For the second quarter of
2005, CCA announced that its revenue had increased three percent over
the previous year, for a total of almost $300 million. CCA calculates
that it expenditure of $28.89 per inmate, per day allows it to make
a daily profit of $50.26 per inmate.
Meanwhile, on July 1, 2005,
the Bureau of Immigration and Customs Enforcement awarded CCA contracts
to continue running the 300-bed Elizabeth Detention Center in New Jersey
and the 1,216-bed San Diego Correctional Facility. Both of these contracts
are for three years with five three-year renewal options. In 2005 CCA
also secured new prison contracts with the Kentucky Department of Corrections,
the state of Kansas, and the Florida Department of Management Services.
Wackenhut has also shared
in the private prison boom. Before 2001, Wackenhut, like CCA, had been
at the center of all manner of inmate-abuse scandals: Guards were caught
having sex with underage inmates, there were routine reports of extreme
mistreatment of inmates, and there was even a disproportionately high
level of deaths in their facilities.
After a CBS Television report exposed the repeated rape of a 14-year-old
girl at a Wackenhut juvenile jail and two guards were found guilty,
its CEO said, “It’s a tough business. The people in prison
are not Sunday-school children.” Still more worrying was Wackenhut’s
record with inmate-on-inmate killings. In 1998–99 alone, Wackenhut’s
New Mexico facilities had a death rate of one murder for every 400 prisoners.
For the same period in all U.S. prisons, the rate was about one in 22,000.

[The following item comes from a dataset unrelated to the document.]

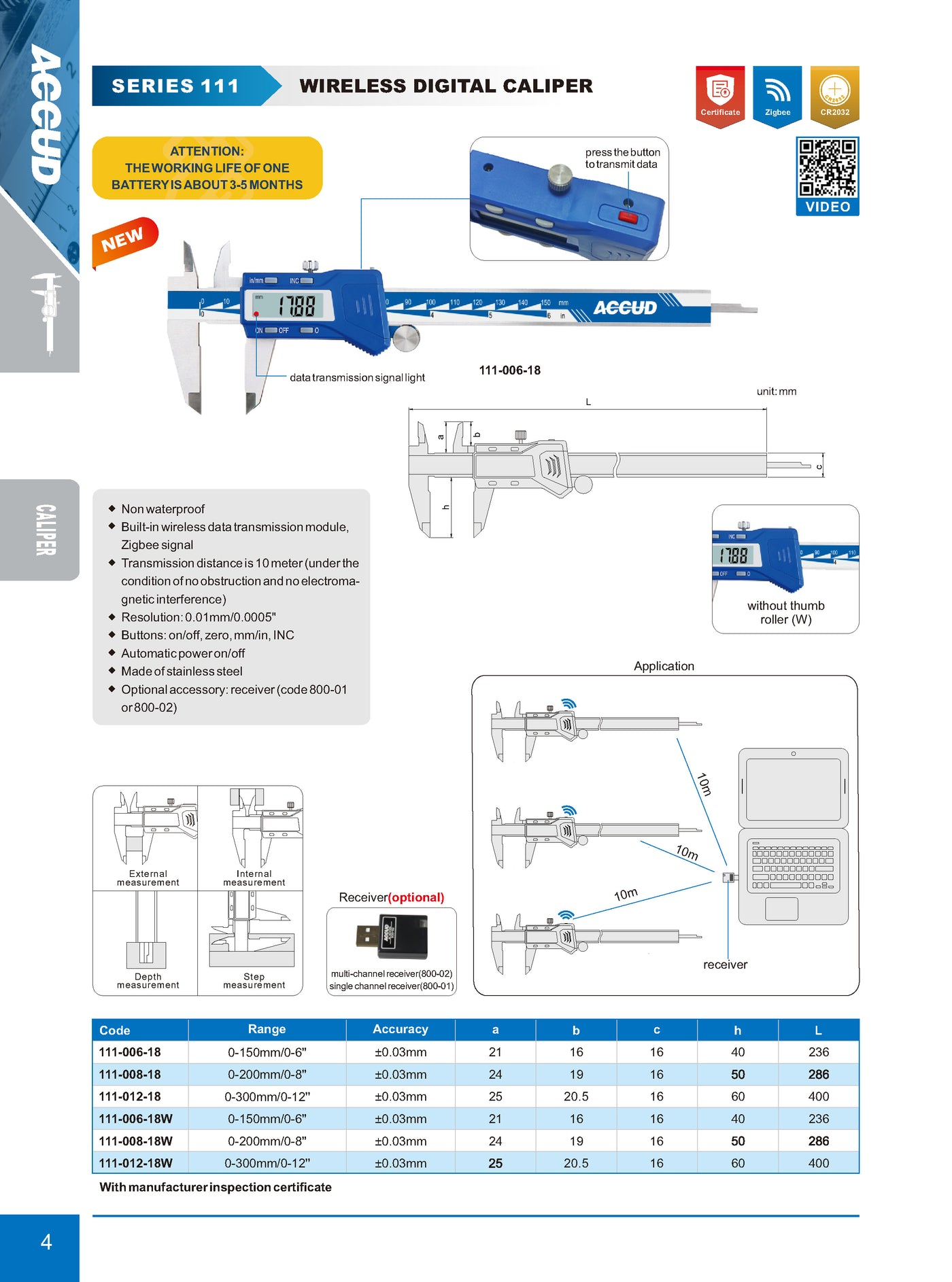 | 111-008-18W | 0-200mm | ±0,03mm |

Wackenhut's most public response
was to change its name to the GEO Group. It continues to win lucrative
government contracts.
The corrections industry
has routinely argued that privatizing prisons dramatically lowers costs.

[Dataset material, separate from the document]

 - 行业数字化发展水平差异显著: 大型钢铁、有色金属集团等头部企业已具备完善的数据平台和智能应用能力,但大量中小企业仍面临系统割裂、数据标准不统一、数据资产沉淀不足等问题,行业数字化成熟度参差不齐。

A 1996 U.S. General Accounting Office report concluded, however, that
there was no clear evidence supporting this contention. Prison companies
do have clear advantages over other corporations: They are able to save
large amounts of money on labor practices that would illegal under any
other circumstances. Inmate jobs in all prisons pay a pittance, but
immigrant prisons are even worse. Because DHS guidelines mandate that
non-citizen prisoners cannot earn more than $1 per day, the company
gets janitors, maintenance workers, cleaners, launderers, kitchen staff,
sewers and grounds keepers at almost no cost.
Author Mark Dow says, “It
isn't politically popular to speak up for alien inmates, but Congress
has a responsibility to establish independent oversight of the ICE detention
system. Congress should hold hearings on ICE detention - with meaningful
follow-up.” It should “Create a statutory-based ombudsman's
office or independent oversight body outside the Department of Homeland
Security. It must have subpoena power as well as authorization to make
unannounced inspections of all facilities holding ICE detainees.”
“Eventually, the very
nature of our immigration detention system must be
reexamined. We take it as
a given that a visa violator, or an asylum seeker, or a thirty-year
lawful resident who has paid taxes but committed a non-violent misdemeanor
decades ago, should be strip-searched, dressed in a prison jumpsuit,
and denied contact with her children.”